SUPPLIED MATERIAL —
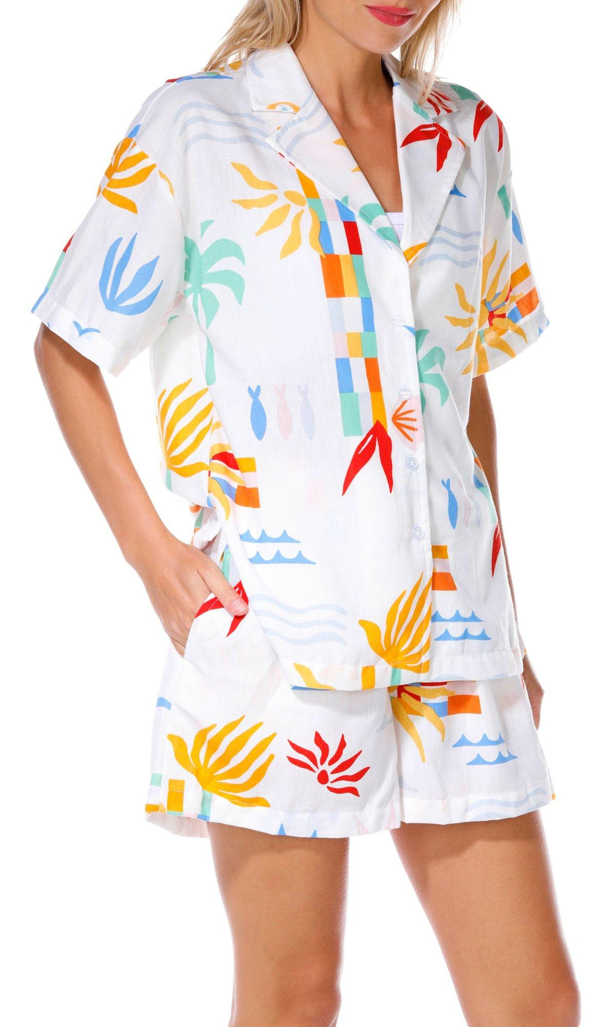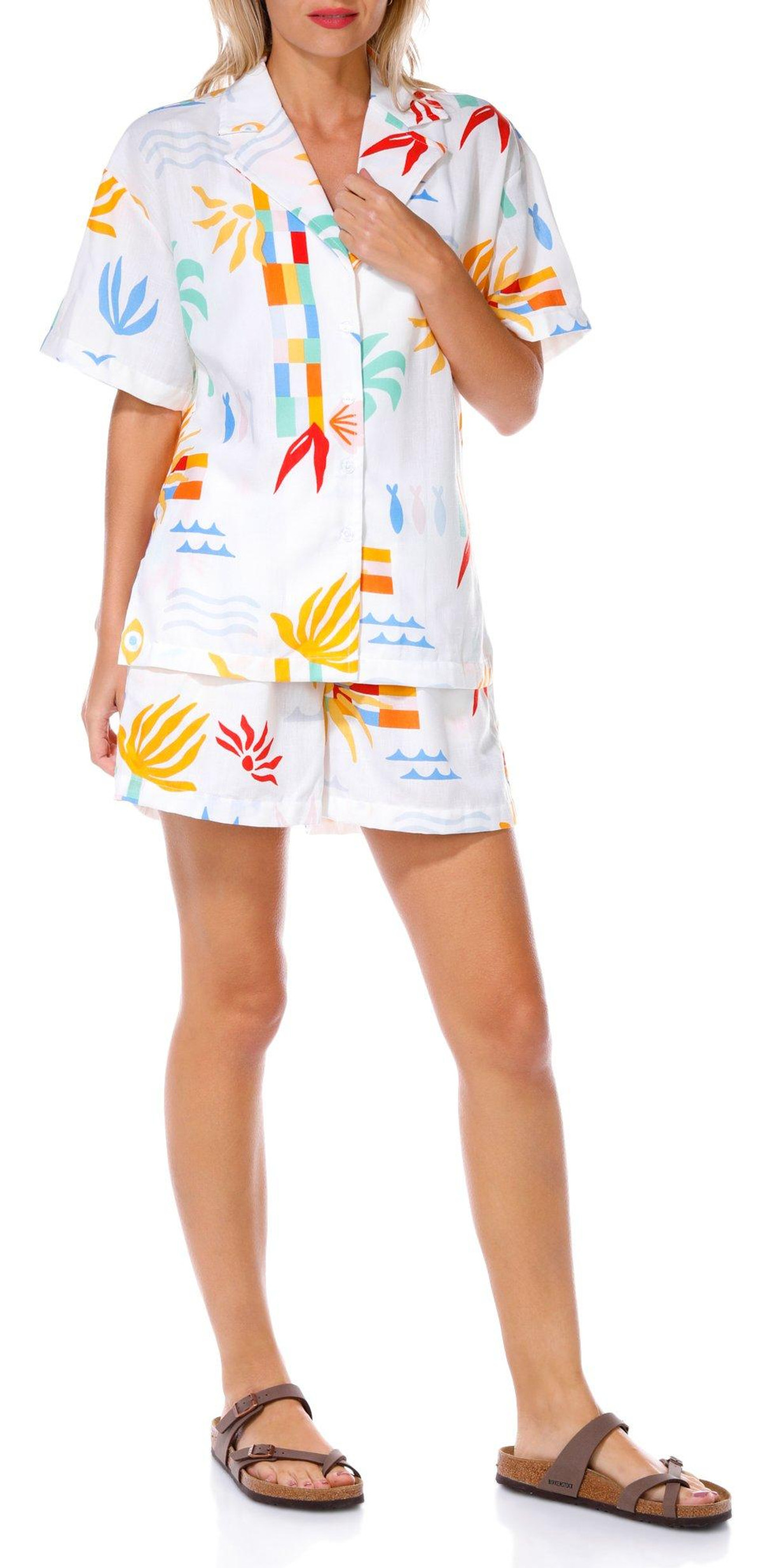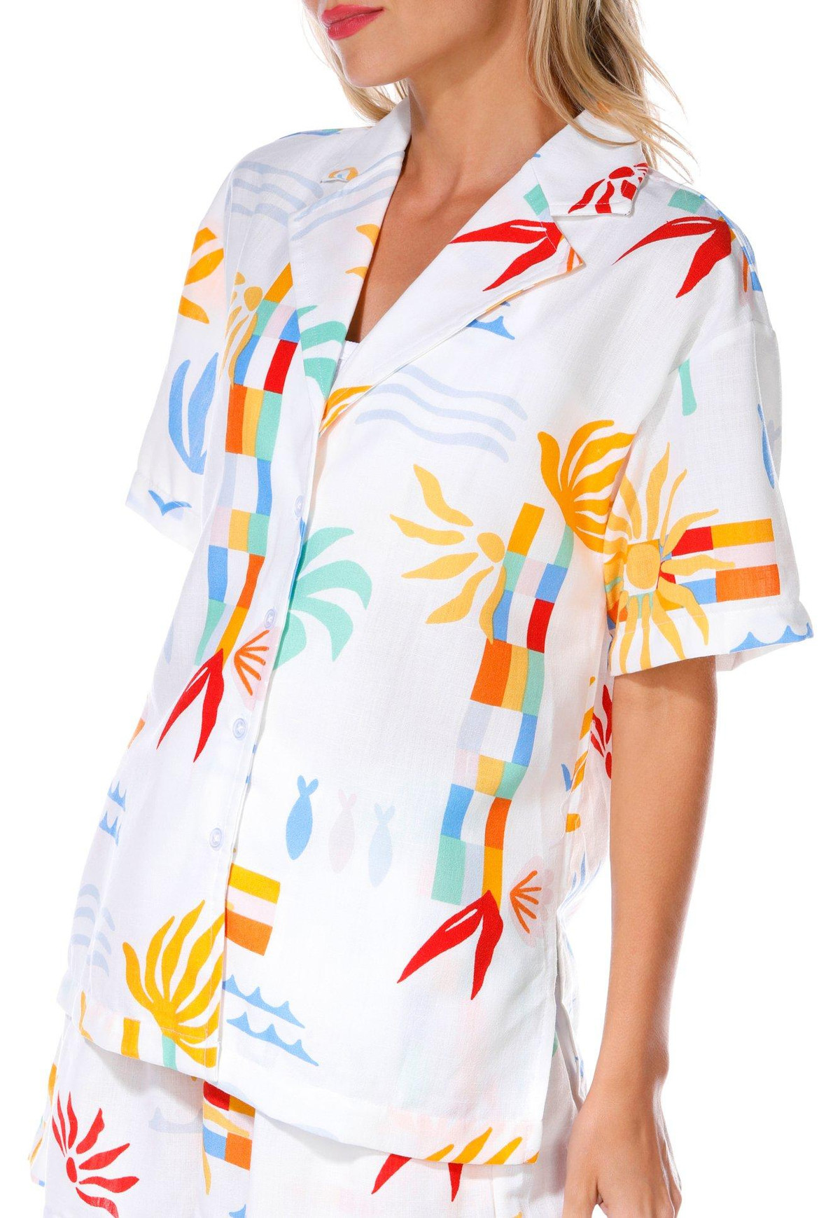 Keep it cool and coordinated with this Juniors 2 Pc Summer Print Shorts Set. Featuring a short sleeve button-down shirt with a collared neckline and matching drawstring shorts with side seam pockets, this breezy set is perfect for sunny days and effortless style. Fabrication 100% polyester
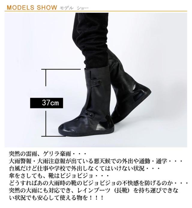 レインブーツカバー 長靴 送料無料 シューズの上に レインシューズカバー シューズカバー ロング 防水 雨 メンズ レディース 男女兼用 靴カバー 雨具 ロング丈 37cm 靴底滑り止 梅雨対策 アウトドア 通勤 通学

...

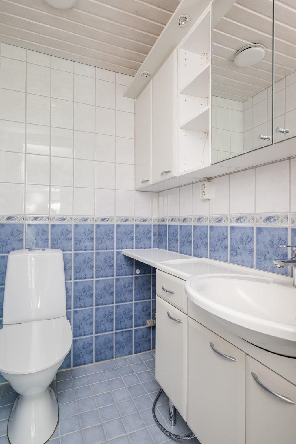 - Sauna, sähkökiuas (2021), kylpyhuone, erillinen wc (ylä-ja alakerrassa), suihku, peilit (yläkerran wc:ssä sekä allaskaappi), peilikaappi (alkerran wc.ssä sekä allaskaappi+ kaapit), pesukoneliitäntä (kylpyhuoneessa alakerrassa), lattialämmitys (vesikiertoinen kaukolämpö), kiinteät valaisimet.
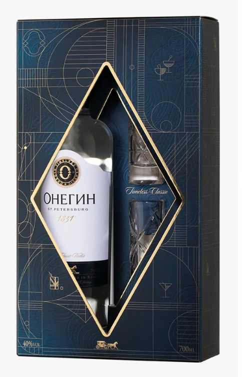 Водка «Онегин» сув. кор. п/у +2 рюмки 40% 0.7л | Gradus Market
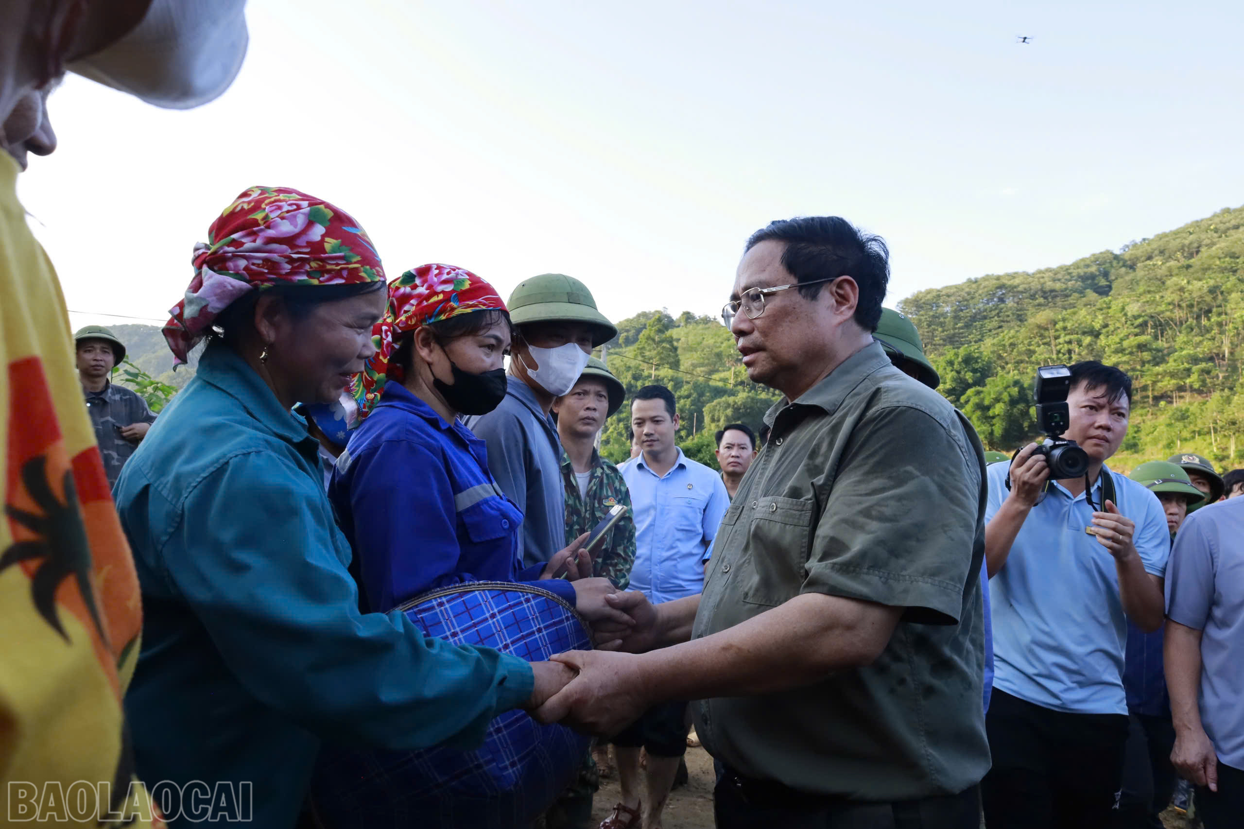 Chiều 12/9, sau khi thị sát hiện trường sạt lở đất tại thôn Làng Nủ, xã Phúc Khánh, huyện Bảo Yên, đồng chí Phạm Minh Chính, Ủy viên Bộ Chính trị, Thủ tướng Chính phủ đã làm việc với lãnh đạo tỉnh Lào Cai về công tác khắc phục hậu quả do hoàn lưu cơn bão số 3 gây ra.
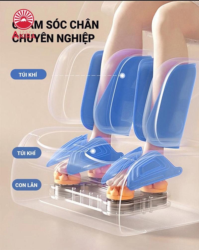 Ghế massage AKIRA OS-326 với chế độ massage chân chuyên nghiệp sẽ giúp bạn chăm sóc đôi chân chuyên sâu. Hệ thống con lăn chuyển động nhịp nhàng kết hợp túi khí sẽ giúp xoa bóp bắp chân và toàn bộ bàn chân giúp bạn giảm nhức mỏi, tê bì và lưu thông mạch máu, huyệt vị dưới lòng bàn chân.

DIRECTIONS FOR THIS TASK —
Going by the data above, the answer is exactly the lines from the one holding "Chiều 12/9, sau" to the one holding "Ghế massage AKIRA", both kept, with the pictures left out.

ANSWER TO THIS TASK —
 Chiều 12/9, sau khi thị sát hiện trường sạt lở đất tại thôn Làng Nủ, xã Phúc Khánh, huyện Bảo Yên, đồng chí Phạm Minh Chính, Ủy viên Bộ Chính trị, Thủ tướng Chính phủ đã làm việc với lãnh đạo tỉnh Lào Cai về công tác khắc phục hậu quả do hoàn lưu cơn bão số 3 gây ra.
 Ghế massage AKIRA OS-326 với chế độ massage chân chuyên nghiệp sẽ giúp bạn chăm sóc đôi chân chuyên sâu. Hệ thống con lăn chuyển động nhịp nhàng kết hợp túi khí sẽ giúp xoa bóp bắp chân và toàn bộ bàn chân giúp bạn giảm nhức mỏi, tê bì và lưu thông mạch máu, huyệt vị dưới lòng bàn chân.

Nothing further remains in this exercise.